While searching for signs of life, scientists often look for chemicals, biosignatures, or phenomena that suggest the presence of current or past life. However, it is not always the case that signs of life on Earth are also signs of life in other planetary ecosystems. How to find life in systems that do not resemble those on Earth?
Artist’s conception of where life might be found on a distant planet. Image Credit: NASA.
Led by Professor Chris Kempes from Santa Fe Institute, a group of researchers has created a new ecological biosignature that could enable scientists to identify life in a variety of ecosystems. The groundbreaking study has been published in a special edition of the Bulletin of Mathematical Biology dedicated to famous mathematical biologist James D. Murray.
The new study is based on the premise that chemical ratios or stoichiometry can be used as biosignatures.
Since living systems display strikingly consistent ratios in their chemical make-up, we can use stoichiometry to help us detect life.”
Chris Kempes, Professor, Santa Fe Institute
However, as Simon Levin, a member of the SFI Science Board and a contributor, states, “the particular elemental ratios we see on Earth are the result of the particular conditions here, and a particular set of macromolecules like proteins and ribosomes, which have their own stoichiometry.”
How to extrapolate these elemental ratios outside the life seen on Earth? The team tackled the issue by developing two lawlike patterns, two scaling laws, which are entangled in elemental ratios observed on Earth. The first is that stoichiometry differs from the cell size of different cells.
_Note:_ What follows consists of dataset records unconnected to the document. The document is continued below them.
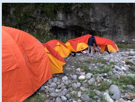
港口部落的野營生活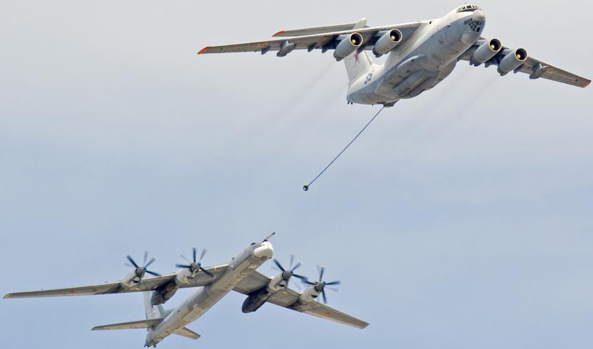
Самолёт-топливозаправщик Ил-78М заправляет Ту-95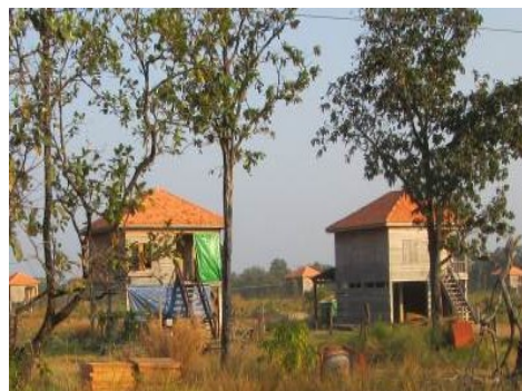
ภาพที่ 3-23 ตัวอย่างบ้านของทหารในพื้นที่ชายแดนจังหวัดอุดรธานี - จังหวัดพระวิหาร (สภาพเมื่อปี พ.ศ.2557)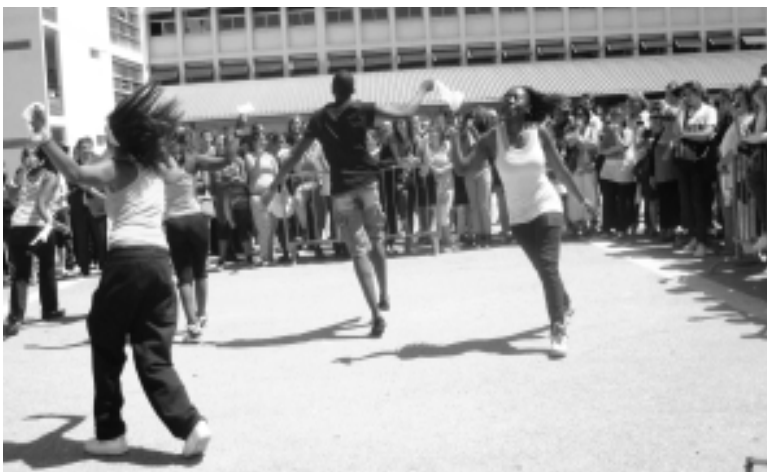
Démonstration de danse par les élèves du Lycée

Que peuvent bien se dire des anciens profs de Mistral qui se retrouvent par l'entremise du Président du CIQ ?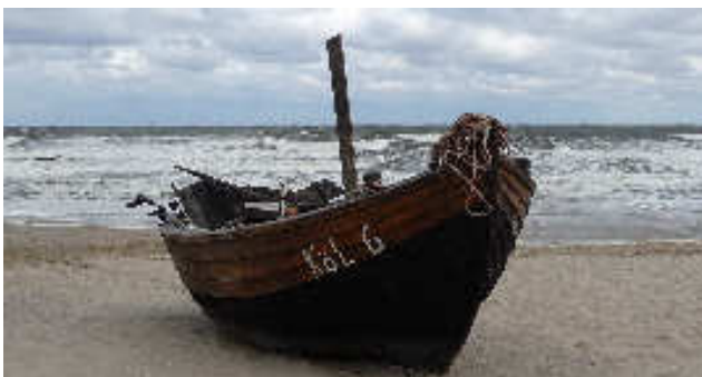
Fischerboot am Strand von Kölpinsee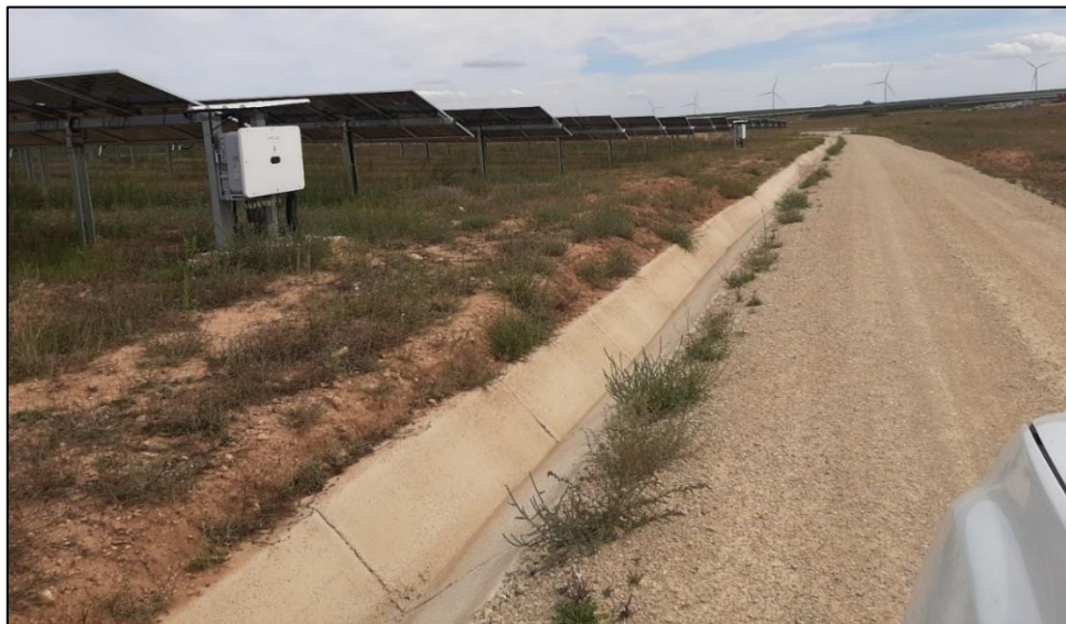
Figura 6: Canal de drenaje en buen estado en el la PSFV

La red de drenaje funciona con normalidad. En momentos puntuales las lluvias han arrastrado pequeñas cantidades de sedimentos en los canales y también en algunos tramos se ha acumulado cierta cantidad de vegetación, principalmente rodada, pero en ningún caso han dificultado su correcto funcionamiento.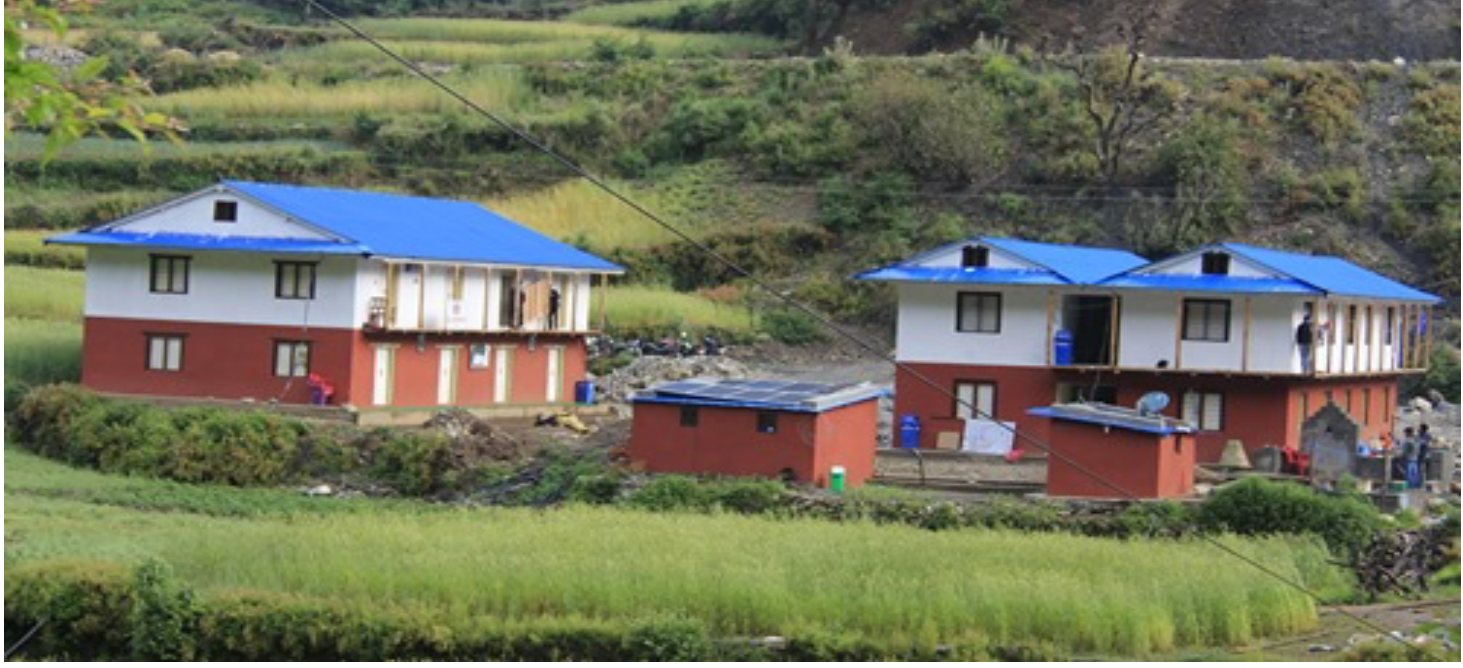
भुमे गाउँ कार्यपालिकाको कार्यालय, खावाडवगर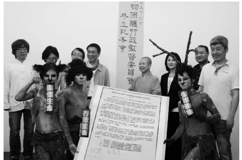
2012 年 3 月 18 日《動物保護行政監督委員會》假臺北市 NGO 會館演講廳舉辦成立記者及《動物保護行政監督論壇》第一場：「從行政監督談動物保護法令的落實」。

有鑑於台灣動物保護問題層出不窮，相關主管機關態度消極，許多無辜的生命因此而被剝奪。為了能有效監督政府落實動物保護法規，2012 年 1 月，在關懷生命協會邁向二十週年之際，協會邀集不同領域學者、公民團體代表與宗教等組織成立了「動物保護行政監督委員會」。以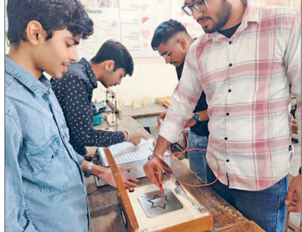
जीट। राजकीय महाविद्यालय में आयोजित एक दिवसीय कार्यशाला में विद्यार्थी उपकरणों की जानकारी लेते हुए।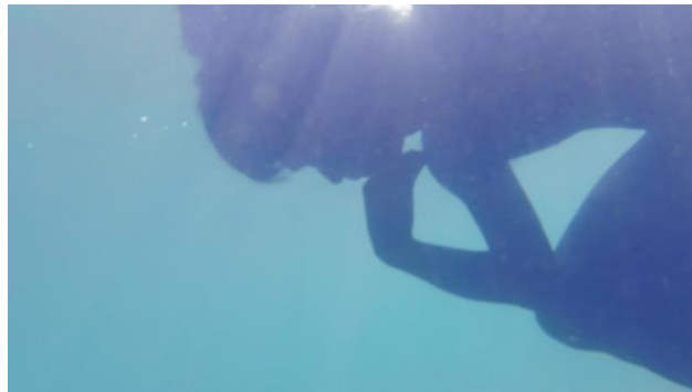
4 潘逸舟《海で考える人》2021年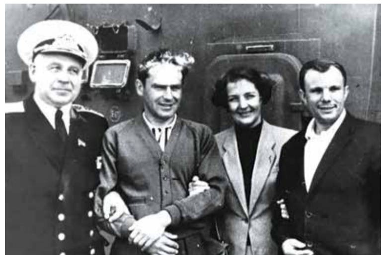
Владимир Касатонов и космонавты Герман Титов и Юрий Гагарин

был принят фрегат «Адмирал флота Касатонов» и на нём гордо взреал бело-голубой Андреевский флаг – символ чести и доблести моряков, защитников Родины, которой все предста-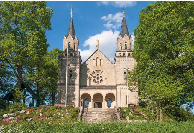
Zeiler Käppele (06.02.2018, Haßberge Tourismus im Naturpark Haßberge)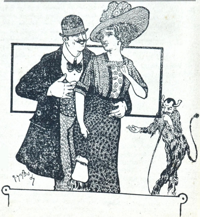
— ვინ დაჟერებს, რომ ეს ორნი, ხუთი წუთის წინ ერთმანეთს სრულიად არ იცნობდენ!

ვისაც ყლით სურს, თითო წიგნს მიემატება ფასი თითო მანეთი. მსურველებს პროვინციებშიაც გაეგზავნებათ ჩვენის ხარჯით. ფული და წერილები გამოგზავნება ამ ადრესზე: Тифлисы, Типография Шрома, Теофили Болквადзе.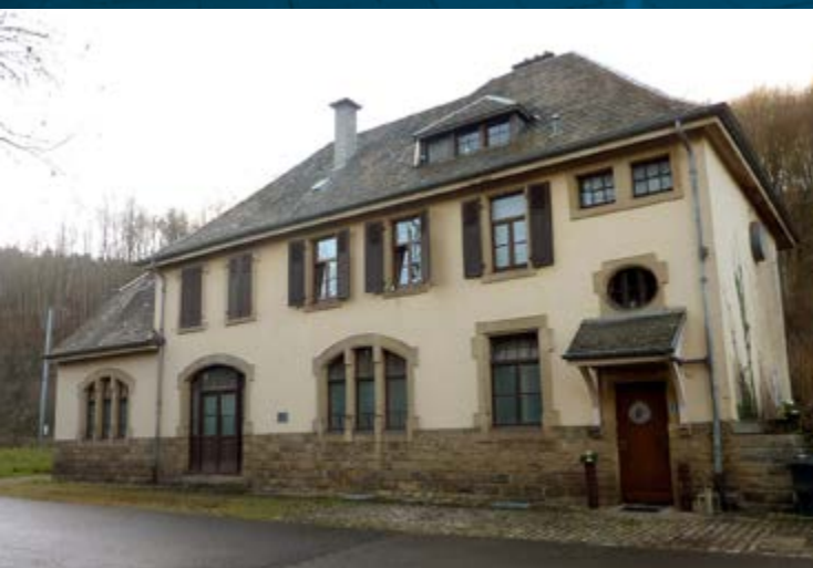
Gare de Cruchten, classée monument national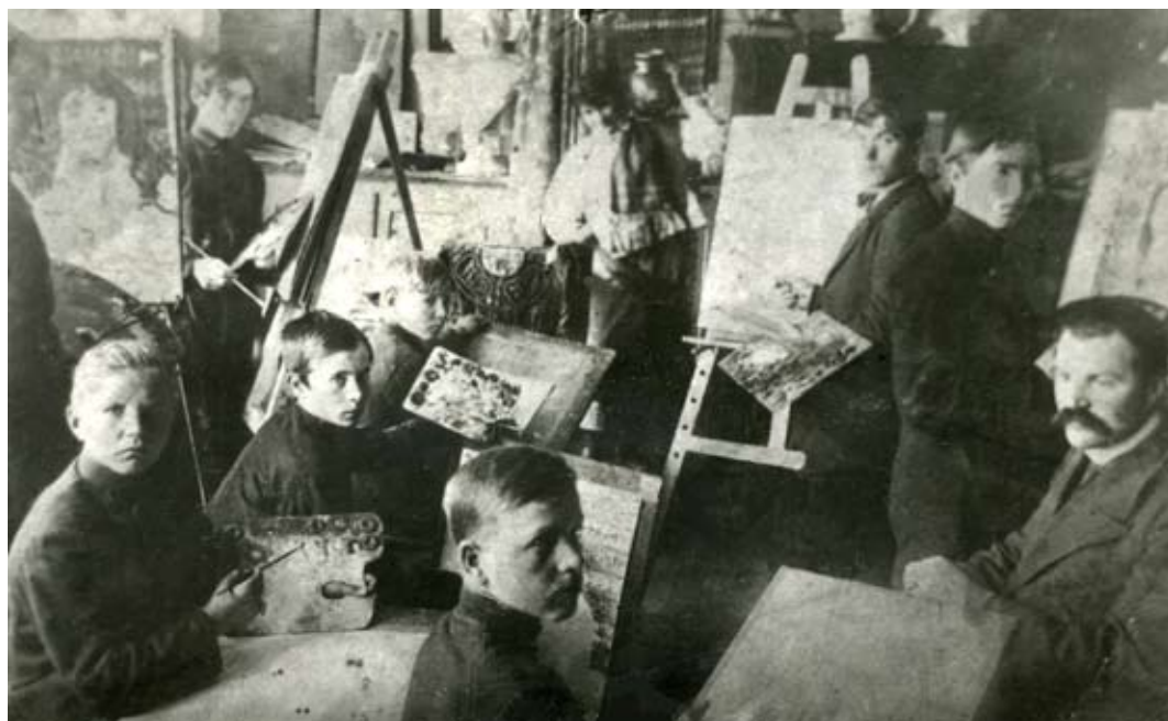
Заняття у Вечірніх рисувальних класах при Елисаветградському земському реальному училищі. Фото кінця XIX – початку XX ст.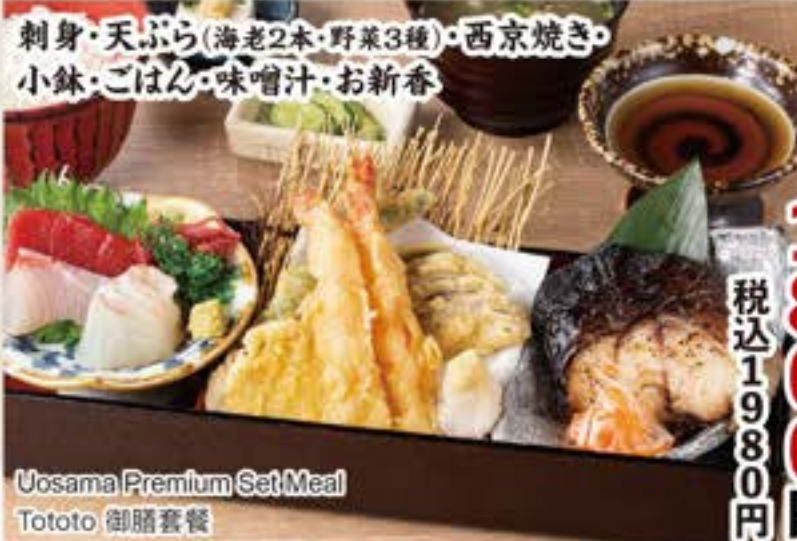
Uosama Premium Set Meal Tototo 御膳套餐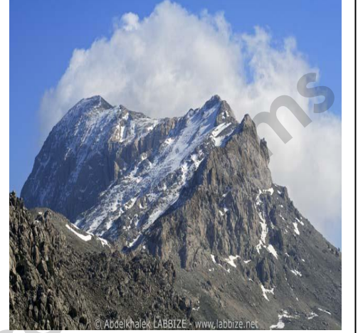
الوثيقة 1 : جبال جرجرة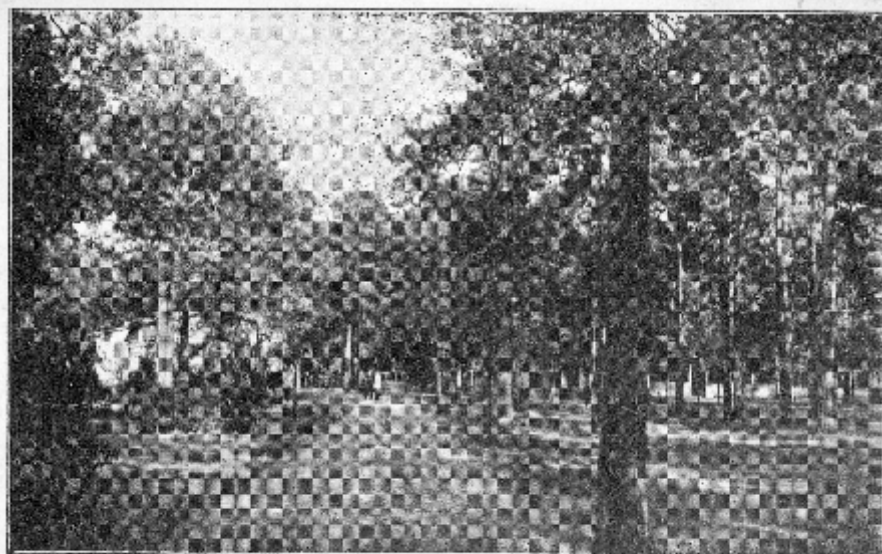
SOLEC KUJAWSKI Park Miejski

Park Miejski jest od wielu lat popularnym miejscem spędzania wolnego czasu. Nie inaczej było w dwudziestoleciu międzywojennym. Poza możliwością spaceru parkowymi alejkami, solecczanie mogli pójść w stronę boiska, pokibicować sportowcom Unii rywalizującym w rozgrywkach piłki nożnej lub lekkiej atletyki.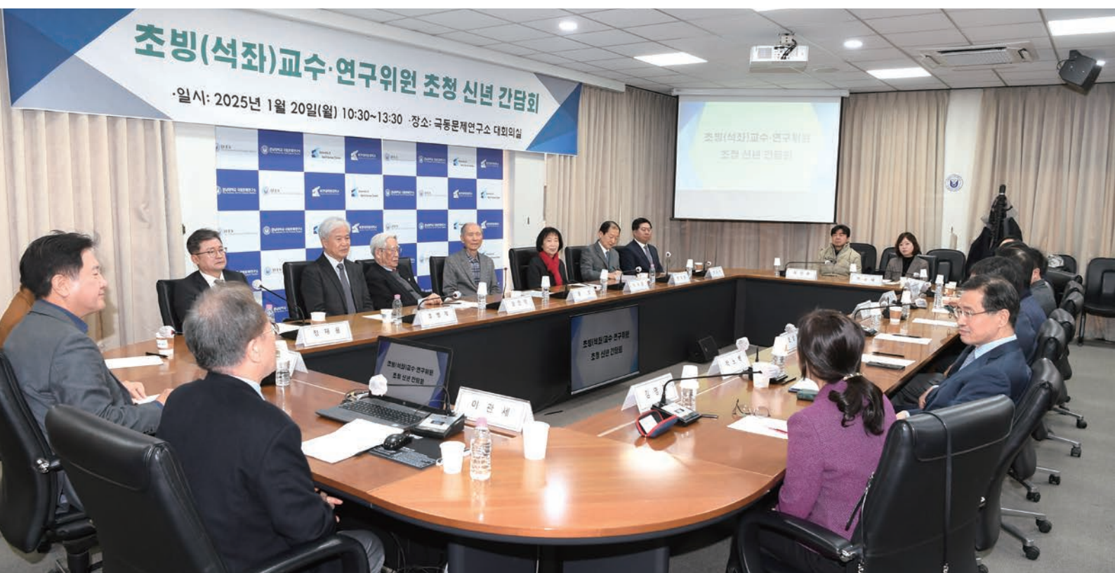
초빙(석좌)교수·연구위원 초청 신년 간담회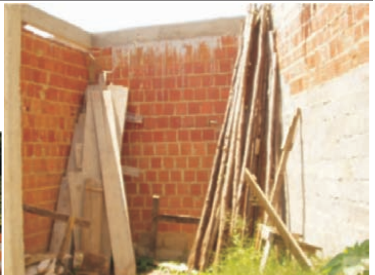
Visão interna da construção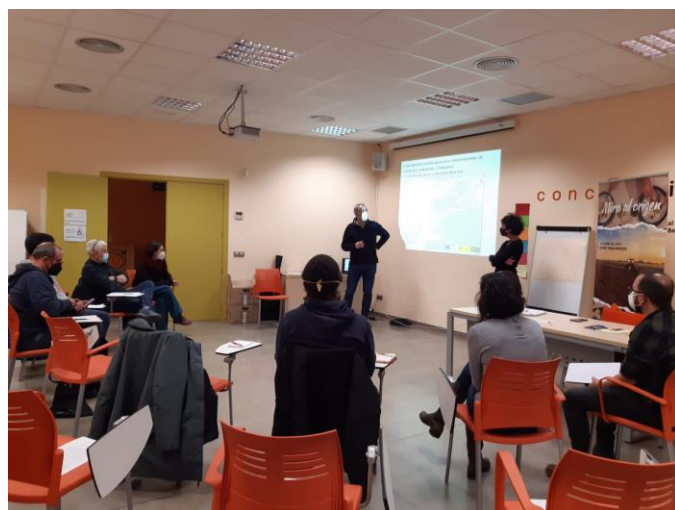
Foto 2. Presentación de las entidades.

A continuación, tuvo lugar una dinámica rompehielos en la que los asistentes se conocieron entre ellos de una manera informal.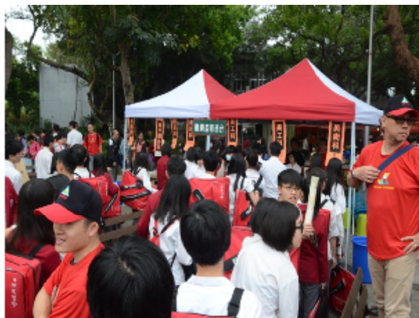
活動服務台與領紙盛況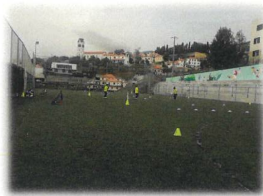
Campo Prof. Luís Ferreira, São Gonçalo

Pintura Mural São Gonçalo: Iniciativa da área das Artes Plásticas, da CRIAMAR em parceria com a junta de Freguesia de São Gonçalo, onde as crianças da Escolinha de Futebol deram o seu contributo.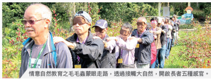
情意自然教育之毛毛蟲蒙眼走路，透過接觸大自然，開啟長者五種感官。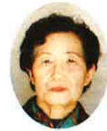
淀江町シルバー 人材センター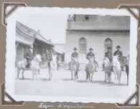
Spokane in September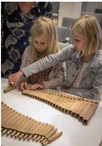
De jongste deelnemers aan de inspiratiedag.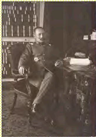
陸軍医務局長室にて 明治41年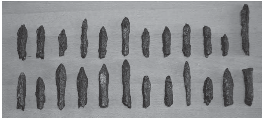
Figur 9. Armborstpilspetsar från 2018 års undersökning.

med Tyska Ordens invasion av ön år 1398 (Westholm 2007, s. 284).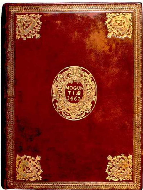
Bíblia de Mogúncia. Johann Fust e Peter Schoeffer. 1462. 2 vol. : pergaminho, 42x30x8cm.

Em latim. Letra gótica. Em pergaminho. 18,0 X 13,0 cm. (encadernação). Miniaturas, capitais ornamentadas, vinhetas, florões e cercaduras crisografadas. Adquirido em fins do séc. XIX. Catálogo de Exposição de Pergaminhos Iluminados e Documentos Preciosos, nº 12.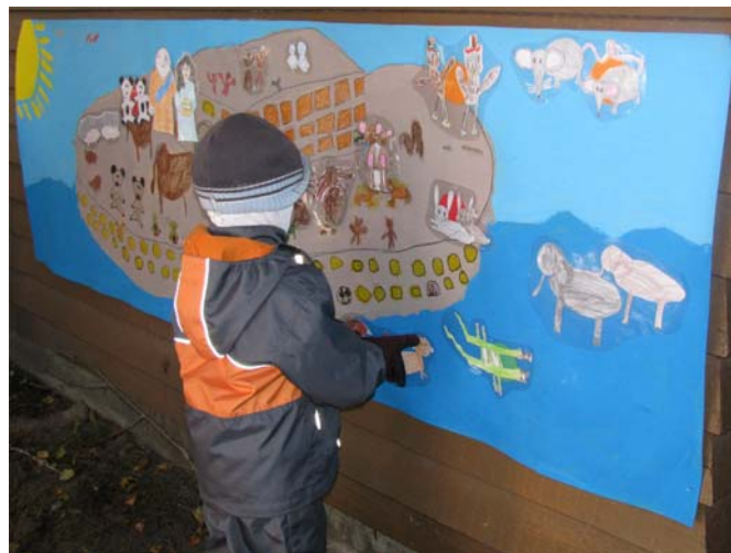
Nooan arkki ja eläinparit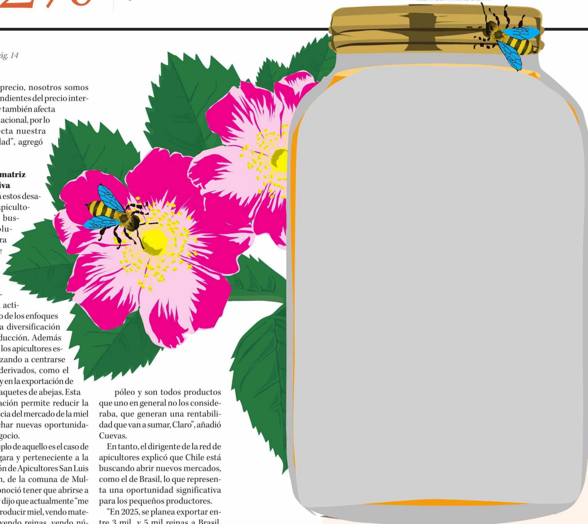
ILUSTRACIÓN - ANDRÉS OREÑA P.

Twitter @DiarioConce contacto@diarioconcepcion.cl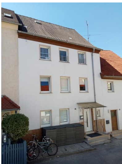
Im Gebäude Hauptstraße 84 befand sich bis zu Beginn des 20. Jahrhunderts die Synagoge. Nach dem Verkauf 1908 wurde es zu einem Wohnhaus umgebaut (Aufnahme 2022).

Der erste Hinweis auf eine Synagoge in Bischberg datiert zwischen 1680 und 1690. Sie lag in der Mitte des sog. "Judenhofes". Eine spätere Notiz datiert einen (Neu)bau in das Jahr 1717 "auf einem ritterschaftlichen Lehen". Gegen diesen Neubau habe das Bamberger Kloster Michelsberg beim Bistum protestiert und verlangte sogar den Abriss des Gebäudes, "als den Interessen des Klosters schädlich". Im Grundsteuerkataster von 1848 wurde aber die Synagoge als alter Besitz der jüdischen Gemeinde aufgeführt.

Protein concentrations in bacteria, for instance, decrease as cell size grows, while RNA concentrations rise. The second is that the abundance of cells in a given system follows a power-law distribution.
The third, which is a result of incorporating the first and second into a basic ecological model, is that the ratio of particle elemental abundance to elemental abundance in the environmental fluid is a function of particle size.
If the first finding (that elemental ratios change with particle size) is a chemical biosignature, the third finding is a recent ecological biosignature.
When biosignatures are considered in terms of fluids rather than discrete particles or chemicals, it can be observed that the chemical abundances in living systems express themselves in statistical ratios between the particle and the environment.
These broad mathematical trends can manifest themselves in coupled systems that vary dramatically from Earth. Finally, the theoretical concept is intended for use in future planetary missions.
“If we go to an ocean world and look at particles in context with their fluid, we can start to ask whether these particles are exhibiting a power-law that tells us that there is an intentional process, like life, making them,” said Heather Graham, Deputy Principal Investigator at NASA’s Lab for Agnostic Biosignatures, where she and Kempes both work together.
But resorting to this implemented move requires particle size-sorting technology, which is currently not available for spaceflight. However, the theory is complete, and when the technology arrives on Earth, it can be sent to the frozen seas beyond the solar system with a groundbreaking new biosignature in hand.
Kempes, C. P., et al. (2021) Generalized Stoichiometry and Biogeochemistry for Astrobiological Applications. Bulletin of Mathematical Biology. doi.org/10.1007/s11538-021-00877-5.